Stephen Longstaffe thinks ”Old Times” still has the power to grip the audience.
The title of Old Times summons up the nostalgic phrase ‘just like old times’; but what if you can’t agree on what those ‘old times’ were, let alone what it would mean for what’s happening now to be ‘like’ them?
Pinter's play focuses on a reunion over dinner between a married couple, Kate and Deeley, and an old friend of Kate’s, Anna, who she has not seen for twenty years. As the evening progresses, it becomes clear that nothing is, or perhaps ever has been, clear.
Characters subtly and not-so-subtly confront, manipulate, insult and contradict each other; but offence is never taken, at least on the surface. We think we know how human interaction works; but this is like trying to follow a grandmasters’ game when you hardly know the rules of chess.
We know what the characters are saying, but not what they are doing in saying it. At the end of the play Kate says to Anna ‘I remember you lying dead’; Anna never replies. Is Anna dead? Has Kate ‘remembered’ something she has fantasised? Is Anna even there, or are we now out of the ‘real’ world entirely, in something ‘like’ old times?
The plot may be slippery, but Pinter’s mastery of tone (particularly menace and, thankfully, comedy), and his ability to hold the most commonplace language up to the light so that we see it from another angle, provide plenty of traction for this talented cast.
Liam Smith brings an ever-vigilant charmlessness to Deeley; for him, relationships are all about a power-balance which might at any moment alter against him.

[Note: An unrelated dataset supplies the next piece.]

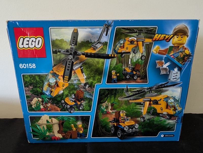 LEGO CITY JUNGLE CARGO HELICOPTER SET 60158Item Size: Height: 28cm, Width: 38cm, Depth: 12cm, Weight: 2KgComplete Lego City Set 60158 Featuring A Yellow And Black Cargo Helicopter With Opening Cockpit, Motorized Lift Mechanism, Atv Vehicle, And Jungle Base Camp Setting With Minifigures And Accessory Pieces.Condition: Good - Refer To Images584531+97

Just how powerful he might be is kept superbly under wraps in a performance which keeps the audience guessing.
Katie Hayes is quite mesmerising as Anna, poised, fluent, polished – but ensuring that we see that the stakes are high for her as well.
Rebecca Todd’s Kate is initially almost demure, introverted, and self-sufficient, continually half-smiling to herself, someone conforming to what others have made of her; but she has been listening, and her final turning of the tables is both believable and chilling.
Director Mary Papadima ensures that Pinter’s famous pauses have room to breathe without suffocating the action, and pacing and emphasis are spot-on.
Anna Pilcher Dunn’s set and Jo Dawson’s lighting design suggest an uncanny blend of chic seventies suburbia and otherworldly expressionism which becomes ever more relevant as the play progresses.
TBL has produced a gripping and intense production of a modern classic.
Old Times is at the Theatre by the Lake until 8 November.